[month] [year]

EMNLP-2022

December 2022

Faculty and students presented the following papers at the Empirical Methods in Natural Language Processing conference (EMNLP-2022) at Abu Dhabi from 7 – 11 December. The conference was held in hybrid mode, both online and offline. EMNLP is a leading conference in the area of natural language processing and artificial intelligence.

  • Ananya Mukherjee and Manish Shrivastava presented a poster on Unsupervised Embedding-based Metric for MT Evaluation with Improved Human Correlation at the Seventh Conference on Machine Translation at EMNLP-2022. Research work as explained by the authors: 

In this paper, we describe our submission to the WMT22 metrics shared task. Our metric focuses on computing contextual and syntactic equivalences along with lexical, morphological, and semantic similarity. The intent is to capture the fluency and context of the MT outputs along with their adequacy. Fluency is captured using syntactic similarity and context is captured using sentence similarity leveraging sentence embeddings. The final sentence translation score is the weighted combination of three similarity scores: a) Syntactic Similarity b) Lexical, Morphological and Semantic Similarity, and c) Contextual Similarity. This paper outlines two improved versions of MEE i.e., MEE2 and MEE4. Additionally, we report our experiments on language pairs of en-de, en-ru and zh-en from WMT17-19 testset and further depict the correlation with human assessments.

  • Ananya Mukherjee and Manish Shrivastava presented a poster on REUSE: REference-free UnSupervised quality Estimation metric at the Seventh Conference on Machine Translation at EMNLP-2022).
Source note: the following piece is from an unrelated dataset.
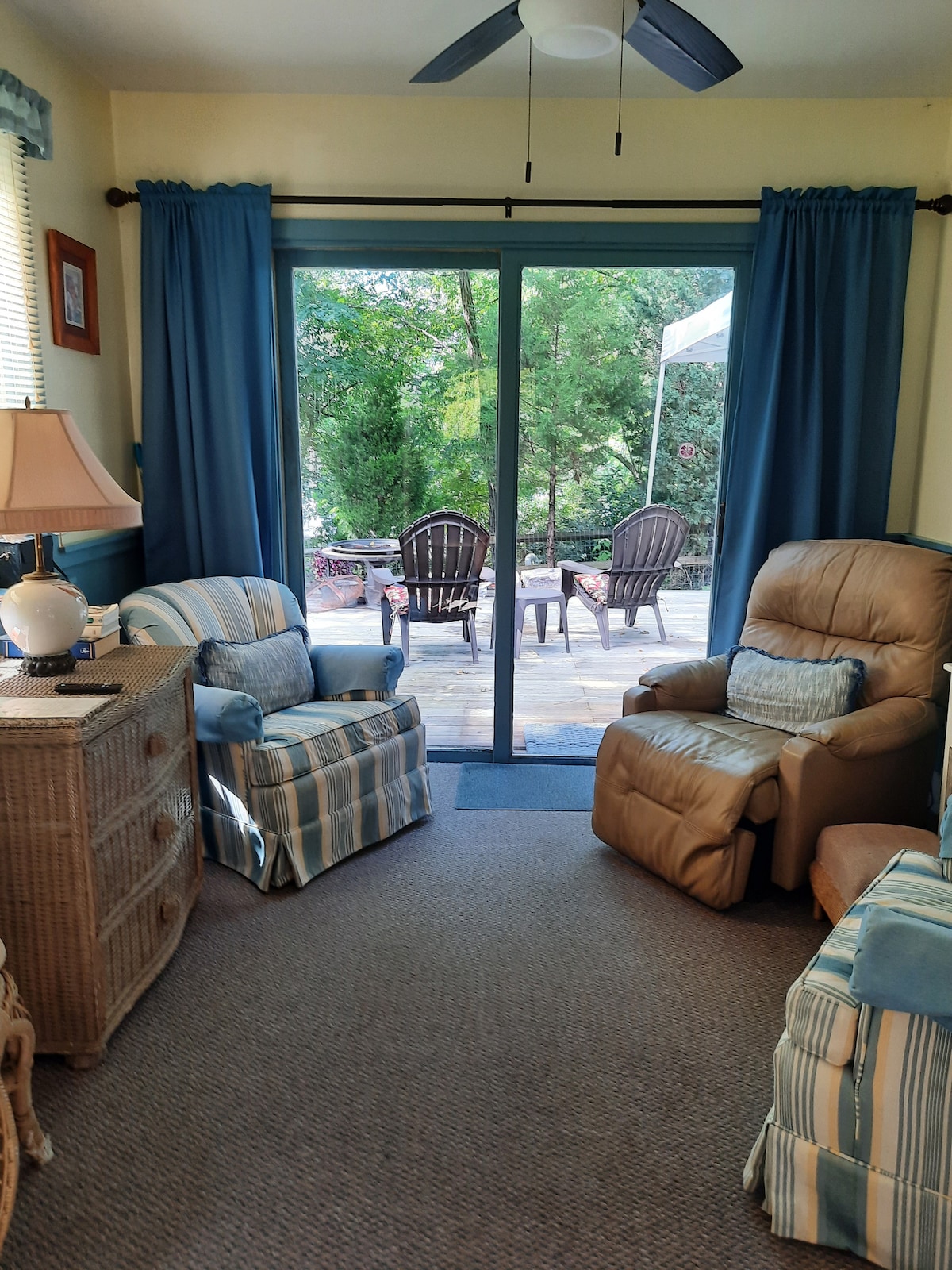 Un chalet d'une chambre pouvant accueillir 4 personnes, niché à flanc de colline au sommet de la zone humide. Idéal pour l'observation des oiseaux ! Situé sur une propriété joliment aménagée à distance de marche de Lecount Hollow Beach. La chambre dispose d'un lit Queen Size et il y a un canapé-lit Queen Size et un canapé-lit simple dans le sous-sol fini. Vous y trouverez également un studio pour deux personnes. Le nom de l'annonce est « Comfortable Studio Apartment ».(Les animaux de compagnie sont autorisés dans le studio.)

Research work as explained by the authors: 

This paper describes our submission to the WMT2022 shared metrics task. Our unsupervised metric estimates the translation quality at chunk-level and sentence-level. Source and target sentence chunks are retrieved by using a multi-lingual chunker. The chunk-level similarity is computed by leveraging BERT contextual word embeddings and sentence similarity scores are calculated by leveraging sentence embeddings of Language-Agnostic BERT models. The final quality estimation score is obtained by mean pooling the chunk-level and sentence-level similarity scores. This paper outlines our experiments and also reports the correlation with human judgements for en-de, en-ru and zh-en language pairs of WMT17, WMT18 and WMT19 test sets.

  • Prof. Ponnurangam Kumaraguru; Anmol Goel, a Masters student working with  Prof. Ponnurangam Kumaraguru and Dr.  Charu Sharma presented a paper on An Unsupervised, Geometric and Syntax-aware Quantification of Polysemy. 

Research work as explained by the authors:

Polysemy is the phenomenon where a single word form possesses two or more related senses. It is an extremely ubiquitous part of natural language and analyzing it has sparked rich discussions in the linguistics, psychology and philosophy communities alike. With scarce attention paid to polysemy in computational linguistics, and even scarcer attention toward quantifying polysemy, in this paper, we propose a novel, unsupervised framework to compute and estimate polysemy scores for words in multiple languages. We infuse our proposed quantification with syntactic knowledge in the form of dependency structures. This informs the final polysemy scores of the lexicon motivated by recent linguistic findings that suggest there is an implicit relation between syntax and ambiguity/polysemy. We adopt a graph based approach by computing the discrete Ollivier Ricci curvature on a graph of the contextual nearest neighbors. We test our framework on curated datasets controlling for different sense distributions of words in 3 typologically diverse languages – English, French and Spanish. The effectiveness of our framework is demonstrated by significant correlations of our quantification with expert human annotated language resources like WordNet. We observe a 0.26 point increase in the correlation coefficient as compared to previous quantification studies in English. Our research leverages contextual language models and syntactic structures to empirically support the widely held theoretical linguistic notion that syntax is intricately linked to ambiguity/polysemy. We will release the code for the paper on acceptance.

Anmol Goel was awarded a $1500 USD travel grant to attend the conference and present their paper in Abu Dhabi, UAE.